The Penguins are 10-0-2 in their last 12 games and are the only team in the league without a regulation loss in the last 10 games. The last time the Penguins lost in regulation was exactly one month ago, falling to the Florida Panthers, 5-2, on Jan. 10.
The Penguins' longest unbeaten streak is 18 games between March 9-April 13, 1993, when they won 17 in a row and earned a tie in the last game of the season.
But going into tonight's game, the Penguins lead the ninth-place Maple Leafs by only five points and the 10th-place New York Islanders by six.

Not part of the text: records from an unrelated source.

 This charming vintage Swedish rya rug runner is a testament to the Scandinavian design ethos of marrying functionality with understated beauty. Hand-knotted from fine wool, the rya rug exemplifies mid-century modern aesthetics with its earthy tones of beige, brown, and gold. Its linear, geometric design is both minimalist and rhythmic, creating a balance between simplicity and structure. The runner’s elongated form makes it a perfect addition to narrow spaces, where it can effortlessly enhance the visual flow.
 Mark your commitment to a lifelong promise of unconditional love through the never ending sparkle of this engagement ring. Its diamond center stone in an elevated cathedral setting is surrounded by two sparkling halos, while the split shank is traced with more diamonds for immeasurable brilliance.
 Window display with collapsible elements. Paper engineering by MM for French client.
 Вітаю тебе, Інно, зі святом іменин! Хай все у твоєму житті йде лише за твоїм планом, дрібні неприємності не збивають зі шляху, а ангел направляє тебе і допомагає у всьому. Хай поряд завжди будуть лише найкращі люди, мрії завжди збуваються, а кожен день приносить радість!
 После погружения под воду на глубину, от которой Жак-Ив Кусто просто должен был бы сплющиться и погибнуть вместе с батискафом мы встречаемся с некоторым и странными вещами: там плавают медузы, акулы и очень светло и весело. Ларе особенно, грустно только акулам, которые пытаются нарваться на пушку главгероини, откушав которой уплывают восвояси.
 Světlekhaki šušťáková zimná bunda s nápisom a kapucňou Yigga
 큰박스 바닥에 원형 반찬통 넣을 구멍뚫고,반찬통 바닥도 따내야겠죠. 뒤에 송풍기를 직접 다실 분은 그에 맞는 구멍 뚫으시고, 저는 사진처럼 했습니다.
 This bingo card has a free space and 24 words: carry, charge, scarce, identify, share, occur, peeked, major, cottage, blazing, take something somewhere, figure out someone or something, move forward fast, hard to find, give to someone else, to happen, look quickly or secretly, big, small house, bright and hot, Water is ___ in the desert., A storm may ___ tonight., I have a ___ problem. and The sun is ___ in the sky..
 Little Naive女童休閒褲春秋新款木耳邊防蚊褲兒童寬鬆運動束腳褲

"You look at the standings, and it's still incredibly close," center Dominic Moore said. "I think we just have to maintain our focus on improving. That's been our focus for most of the year. I think we play better when we're not watching the standings and we're just working on improving, and I think that's got to be our attitude. If we are looking at the standings, it's got to be looking up the ladder, as opposed to looking at who's behind you. I think that's the better way to approach it."
Thursday night's 5-4 shootout win over the Philadelphia Flyers was not one of their finest efforts of late, which every player in the dressing room will readily admit. The Penguins turned the puck over too much, got away from the team game they'd been playing so well, and they were only 3 for 5 on the penalty kill, for just a few examples.
But the Penguins (28-17-9) still found a reason to be even more confident going into tonight's game than, perhaps they would have been before.
"As much as it wasn't a great win, it's also a confidence booster in the sense that we didn't play well and still did it," Moore said.
Not that they're taking anything for granted.
"For the last 12 games, I think we've been playing pretty big games," center Maxime Talbot said. "A couple teammates and I were talking about how, if we'd won only half of the games we've won the last 12 games, we wouldn't even be in the playoffs. We'd be playing for .500. We're still battling every day for the playoffs because we're only five points out. Every game is huge."